LA Herbivore

Musings on the Los Angeles vegan food scene


Neon sign reading Pura Vita

Pura Vita

The entrance to Pura Vita is relatively unassuming for a notable in the LA vegan dining scene. That is to say there are no pampas grass arrangements in hand-crafted clay vases, boho-chic tapestries, or cascading walls of succulents kept alive through witchcraft and spray bottles. Sure there’s some greenery in the foyer and windows, but what self-respecting Angeleno doesn’t have a few hanging planters? 

Inside, perfectly equidistant wine bottles line the wall on the pizzeria side of the restaurant, and blood red backlighting emanates from behind the bar. On a window facing the street their translucent logo is fully backlit like a stained glass window – – a chef’s knife impaling a dripping tomato. The ambience is gothic industrial minimalism meets informal east coast Italian dining. Edison bulbs in wrought iron pendant lamps, brick facades, lovely geometric tiling and crystal skull sconces. Trattoria meets ristorante meets turn-of-the-century vampire nightclub. Incidentally, there are no decorative braids of garlic in sight.

The soundtrack is straight from the K-Earth 101 playbook, comfort food spanning from motown to classic pop. Billy Joel is feeling his oats around verse three of “The Longest Time” as we review our options. The menu is also playing the hits, and a peek around clarifies the restaurant’s crossover appeal. A sharply-dressed young man with a tattoo sleeve and his well-coiffed partner give first date energy over at the bar, while to our right an extremely white teenager sulks under his durag while his mother coaxes him into ordering the eggplant parmigiana. I get the sense that it’s a popular spot for vegans to dine with the like-minded or baptize unwitting carnivores, so without overthinking the menu my wife and I settle on the Linguine Di Mare and the Capricciosa pizza.

The Linguini Di Mare is a spicy scallop pasta with a white wine sauce. The garlic packs a bite, and the king oyster mushroom scallops are an extremely cheeky reproduction. The briny flavor is right on, and confidently holds the dish together. Was it braised with a sheet of kombu? The waitstaff aren’t giving anything up.

The Capricciosa is a red pie laden with clumps of cashew mozzarella, artichoke heart, sliced crimini, and halved kalamata olives. A ‘shiitake bacon’ that comes out closer in consistency to a tender tapenade rounds out the lineup. The marinara is fresh and sweet. The cremini mushrooms are shaved thin, and like the shiitake bacon they lend a subtle pop to each bite without adding too much body. Conversely, the artichoke hearts are roughly quartered and retain their delicate flavor through the bake. Judiciously-spaced kalamata olives deliver a salty kick that wakes up the palate to the rest of the pie’s subtler toppings. The cashew mozzarella is a showstopper, its richness rounding the other punchier notes into shape. The crust is a dish unto itself. The char is even and light; the touch of bitterness complements the jammy marinara remains on the side of the crust, and there’s a gentle crackle to the finish that belies the chewy interior.

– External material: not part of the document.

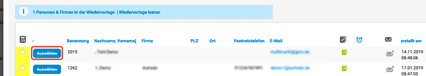 - Nächster Schritt (Sanduhr = Kunde ist am Zug)

Other dishes to try include the excellent charred broccolini, served on a bed of ricotta drizzled with a vegan honey, and a fiery and bold spaghetti puttanesca. If the image of a pasta puttanesca in your mind’s eye resembles an anemic nest of angel hair with a shake of chili flakes and a handful of jarred olives and capers, you ought to treat yourself to a fresh perspective. Perhaps I’ve had some singularly weak pastas in my life, but my wife also found this example revelatory. If you catch their tagliatelle al funghi special it’s a must-have. The carbonara and lasagna from their year-round menu are equally wonderful – – in particular, the strong note of lemon zest in the carbonara offsets the nutty and funky base quite spectacularly. However, make no mistake that the pizza is what will keep you up at night staring at the ceiling and reflecting on life’s great mysteries.

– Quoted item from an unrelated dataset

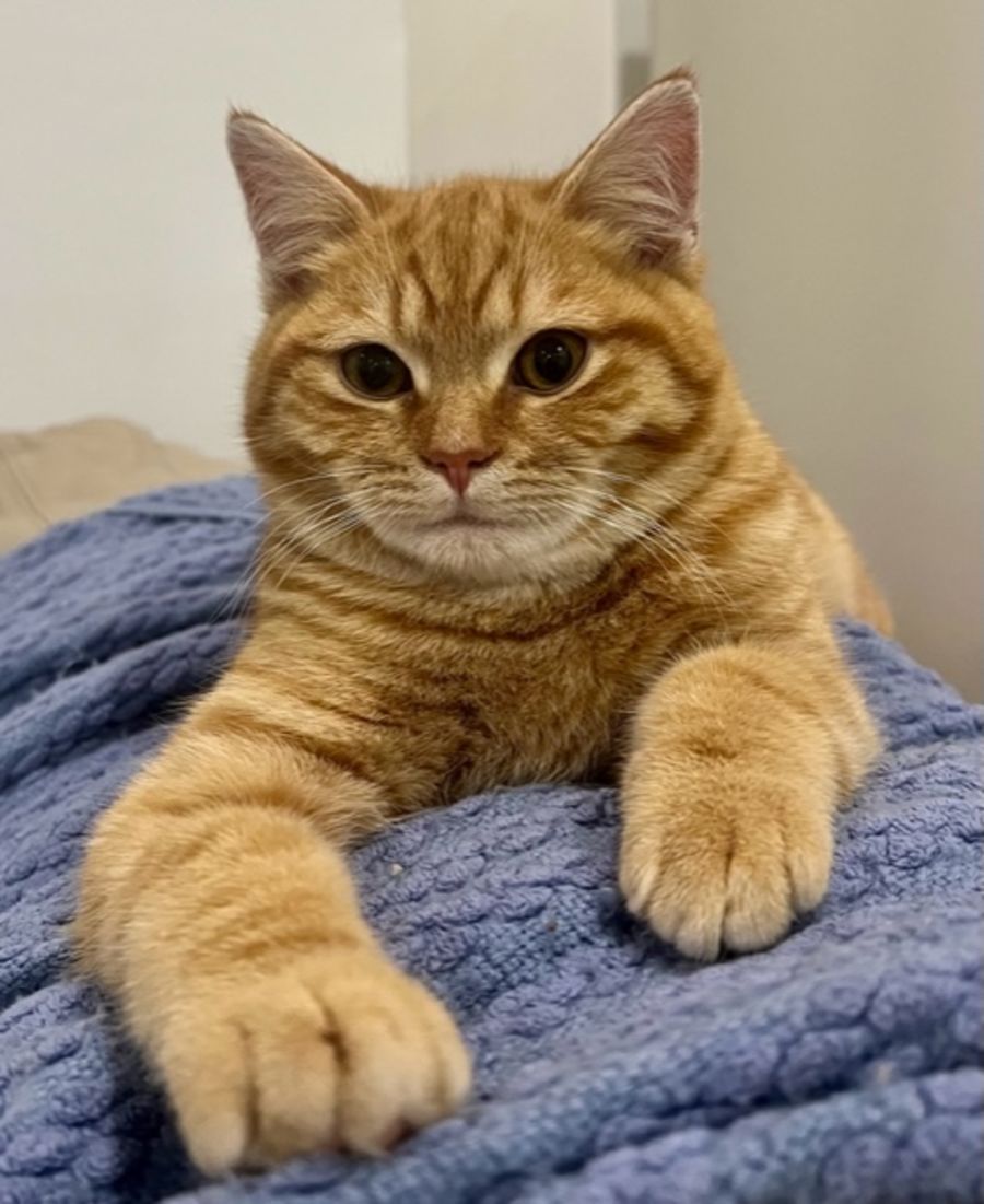 While George loves pats and likes to sit near his human, he prefers not to be picked up and most likely will not be a lap cat. He has a wonderful purr when relaxed and often snuggles up on the bed with his foster mama.

The most unexpected thing about going vegan has been the re-construction of not just my palate but my overall relationship with food. The special-occasion foods were meant to be difficult to give up, and the workday fare should have been easy. Sometimes comfort foods only present as such when they cease to be a part of your life, but it wasn’t until a truly special pie came back into mine that I realized how much pizza meant to me. This was the most emotional meal I’ve had in a long time.

Though the ambience walks the line between classic and kitsch it does so purposefully and on its own terms, and it’s clear that this restaurant is deeply secure. By nailing the classics with some novel plant-based interpretations, Pura Vita offers a timeless experience for vegans and omnivores alike.